▸ **Exercise goal**
Give again, word for word, the line holding "Pulseira de silicone, com" and every line after it through the end of the data below. Omit pictures.
*** Records for this exercise ***
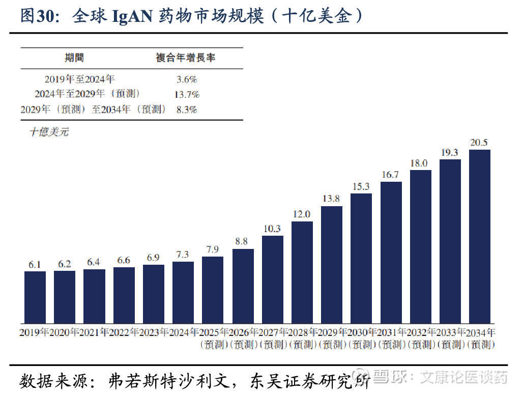 2026年IgAN全球患者约980万人,药物市场规模约88亿美金。根据弗若斯特沙利文,2024年全球约有960万人受到IgAN的影响,预计2034年将达到1,040万人;全球IgAN药物市场规模从2019年的61亿美元增长至2024年的73亿美元,期间CAGR为3.6%,预计至2034年将达205亿美元,2024-2029年CAGR为13.7%,2029-2034年CAGR为8.3%。
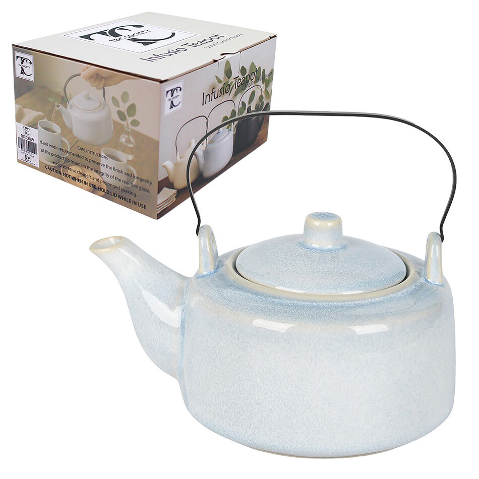 Crafted from ceramic with a unique reactive glaze. Each teapot glaze is a one-of-a-kind; no two are alike.
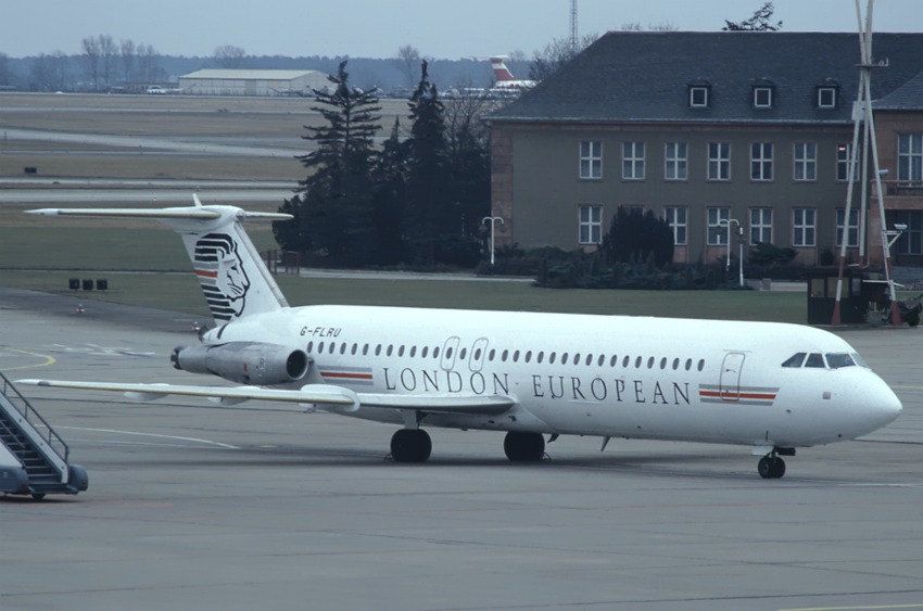 BAC 111-500 G-FLRU (cn. 201) SXF February 21st. 1991 (photo by Andreas Himm)
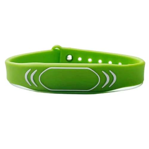 Pulseira de silicone, com chip de memória interno RFID 13.56Mhz (SmartCard), com regulagem, para uso em sistemas de controle de acesso e outros sistemas diversos.
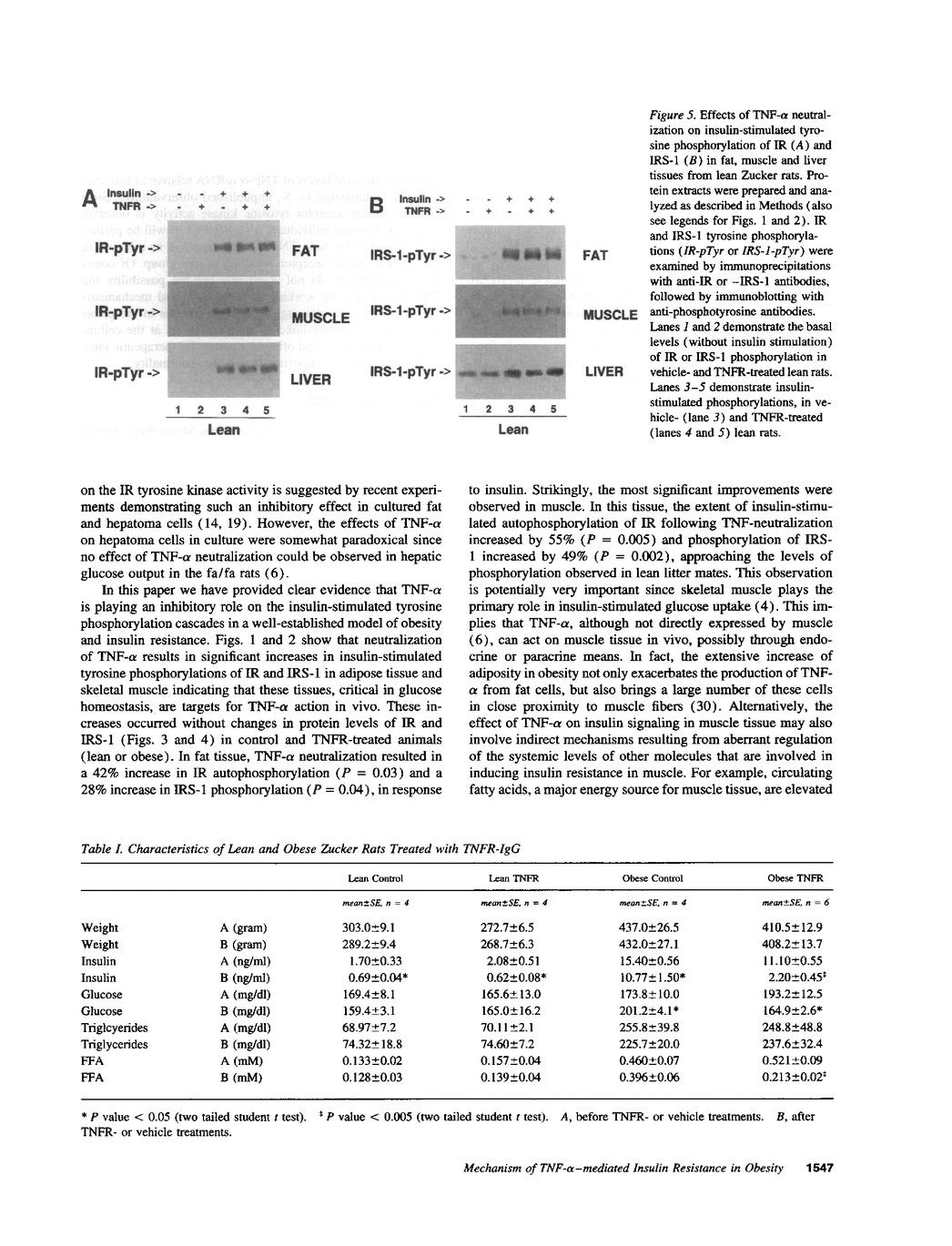 Insulin resistance is an important metabolic abnormality often associated with infections, cancer, obesity, and especially non-insulin-dependent diabetes mellitus (NIDDM). We have previously demonstrated that tumor necrosis factor-alpha produced by adipose tissue is a key mediator of insulin resistance in animal models of obesity-diabetes. However, the mechanism by which TNF-alpha interferes with insulin action is not known. Since a defective insulin receptor (IR) tyrosine kinase activity has been observed in obesity and NIDDM, we measured the IR tyrosine kinase activity in the Zucker (fa/fa) rat model of obesity and insulin resistance after neutralizing TNF-alpha with a soluble TNF receptor (TNFR)-lgG fusion protein. This neutralization resulted in a marked increase in insulin-stimulated autophosphorylation of the IR, as well as phosphorylation of insulin receptor substrate 1 (IRS-1) in muscle and fat tissues of the fa/fa rats, restoring them to near control (lean) levels. In contrast, no significant changes were observed in insulin-stimulated tyrosine phosphorylations of IR and IRS-1 in liver. The physiological significance of the improvements in IR signaling was indicated by a concurrent reduction in plasma glucose, insulin, and free fatty acid levels. These results demonstrate that TNF-alpha participates in obesity-related systemic insulin resistance by inhibiting the IR tyrosine kinase in the two tissues mainly responsible for insulin-stimulated glucose uptake: muscle and fat. Images
*** End of Records for this exercise ***
▸ **Task response**
 Pulseira de silicone, com chip de memória interno RFID 13.56Mhz (SmartCard), com regulagem, para uso em sistemas de controle de acesso e outros sistemas diversos.
 Insulin resistance is an important metabolic abnormality often associated with infections, cancer, obesity, and especially non-insulin-dependent diabetes mellitus (NIDDM). We have previously demonstrated that tumor necrosis factor-alpha produced by adipose tissue is a key mediator of insulin resistance in animal models of obesity-diabetes. However, the mechanism by which TNF-alpha interferes with insulin action is not known. Since a defective insulin receptor (IR) tyrosine kinase activity has been observed in obesity and NIDDM, we measured the IR tyrosine kinase activity in the Zucker (fa/fa) rat model of obesity and insulin resistance after neutralizing TNF-alpha with a soluble TNF receptor (TNFR)-lgG fusion protein. This neutralization resulted in a marked increase in insulin-stimulated autophosphorylation of the IR, as well as phosphorylation of insulin receptor substrate 1 (IRS-1) in muscle and fat tissues of the fa/fa rats, restoring them to near control (lean) levels. In contrast, no significant changes were observed in insulin-stimulated tyrosine phosphorylations of IR and IRS-1 in liver. The physiological significance of the improvements in IR signaling was indicated by a concurrent reduction in plasma glucose, insulin, and free fatty acid levels. These results demonstrate that TNF-alpha participates in obesity-related systemic insulin resistance by inhibiting the IR tyrosine kinase in the two tissues mainly responsible for insulin-stimulated glucose uptake: muscle and fat. Images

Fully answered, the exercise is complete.